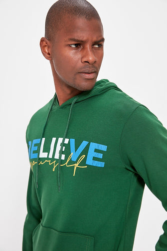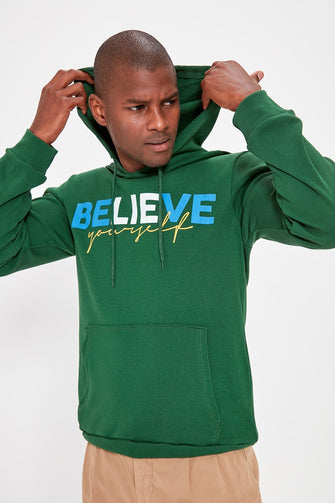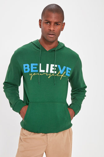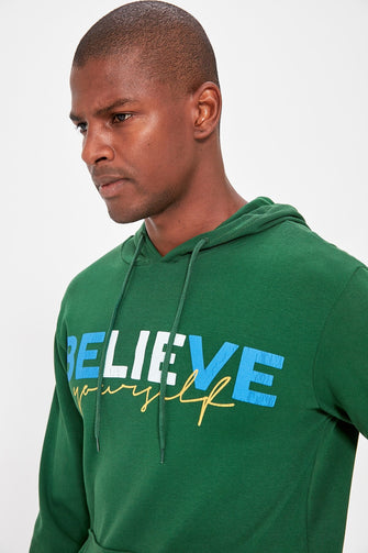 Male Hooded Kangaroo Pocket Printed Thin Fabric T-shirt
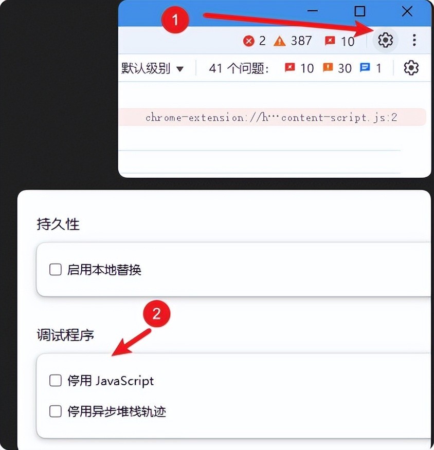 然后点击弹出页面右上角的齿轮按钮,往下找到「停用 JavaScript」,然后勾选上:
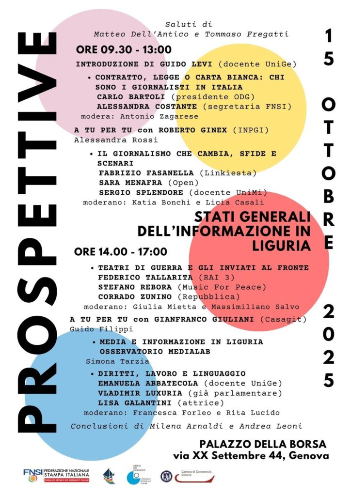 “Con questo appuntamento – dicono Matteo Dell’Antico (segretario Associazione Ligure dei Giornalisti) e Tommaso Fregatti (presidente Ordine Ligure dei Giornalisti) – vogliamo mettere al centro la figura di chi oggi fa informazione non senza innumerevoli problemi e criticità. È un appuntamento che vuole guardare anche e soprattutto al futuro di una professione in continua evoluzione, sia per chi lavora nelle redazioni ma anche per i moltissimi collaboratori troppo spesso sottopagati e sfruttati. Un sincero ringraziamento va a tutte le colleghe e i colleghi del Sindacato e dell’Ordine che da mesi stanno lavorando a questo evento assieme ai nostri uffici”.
##############################
WHAT YOU ARE ASKED TO DO: Reproduce the entire listing above precisely, but keep the images out.

ANSWER BOX:
 Male Hooded Kangaroo Pocket Printed Thin Fabric T-shirt
 然后点击弹出页面右上角的齿轮按钮,往下找到「停用 JavaScript」,然后勾选上:
 “Con questo appuntamento – dicono Matteo Dell’Antico (segretario Associazione Ligure dei Giornalisti) e Tommaso Fregatti (presidente Ordine Ligure dei Giornalisti) – vogliamo mettere al centro la figura di chi oggi fa informazione non senza innumerevoli problemi e criticità. È un appuntamento che vuole guardare anche e soprattutto al futuro di una professione in continua evoluzione, sia per chi lavora nelle redazioni ma anche per i moltissimi collaboratori troppo spesso sottopagati e sfruttati. Un sincero ringraziamento va a tutte le colleghe e i colleghi del Sindacato e dell’Ordine che da mesi stanno lavorando a questo evento assieme ai nostri uffici”.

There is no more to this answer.